- Opening Delimiter -

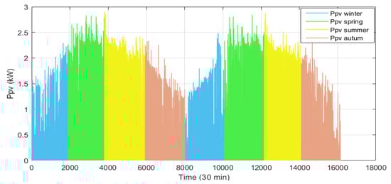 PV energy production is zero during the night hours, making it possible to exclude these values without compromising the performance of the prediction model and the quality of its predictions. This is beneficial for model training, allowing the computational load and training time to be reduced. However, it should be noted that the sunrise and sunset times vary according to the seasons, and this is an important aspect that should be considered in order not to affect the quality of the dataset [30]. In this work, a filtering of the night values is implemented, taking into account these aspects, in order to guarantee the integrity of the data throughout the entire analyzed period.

- Closing Delimiter -
- Opening Delimiter -

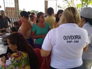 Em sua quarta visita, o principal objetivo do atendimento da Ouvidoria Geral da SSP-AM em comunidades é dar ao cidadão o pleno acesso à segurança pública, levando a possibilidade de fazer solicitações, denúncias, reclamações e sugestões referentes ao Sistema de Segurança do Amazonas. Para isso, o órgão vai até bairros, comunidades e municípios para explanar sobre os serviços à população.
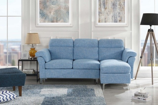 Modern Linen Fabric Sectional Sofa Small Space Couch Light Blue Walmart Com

- Closing Delimiter -
- Opening Delimiter -

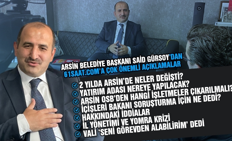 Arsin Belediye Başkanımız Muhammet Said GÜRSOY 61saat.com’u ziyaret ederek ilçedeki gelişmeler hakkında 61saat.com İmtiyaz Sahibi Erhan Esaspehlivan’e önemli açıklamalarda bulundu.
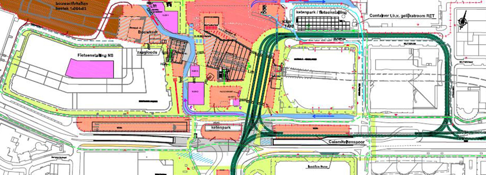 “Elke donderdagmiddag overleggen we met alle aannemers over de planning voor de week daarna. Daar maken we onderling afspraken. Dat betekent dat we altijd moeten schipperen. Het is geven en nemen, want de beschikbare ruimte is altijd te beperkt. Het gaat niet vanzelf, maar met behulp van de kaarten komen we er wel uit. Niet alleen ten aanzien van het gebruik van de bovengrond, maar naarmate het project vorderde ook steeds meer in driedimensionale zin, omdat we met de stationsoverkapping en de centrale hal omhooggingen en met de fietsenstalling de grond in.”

- Closing Delimiter -

__ASSIGNMENT__. Give back exactly the lines above from the one with "Em sua quarta" through the one with "Modern Linen Fabric", both included. Pictures don't belong in the copy.

__REPLY__.
 Em sua quarta visita, o principal objetivo do atendimento da Ouvidoria Geral da SSP-AM em comunidades é dar ao cidadão o pleno acesso à segurança pública, levando a possibilidade de fazer solicitações, denúncias, reclamações e sugestões referentes ao Sistema de Segurança do Amazonas. Para isso, o órgão vai até bairros, comunidades e municípios para explanar sobre os serviços à população.
 Modern Linen Fabric Sectional Sofa Small Space Couch Light Blue Walmart Com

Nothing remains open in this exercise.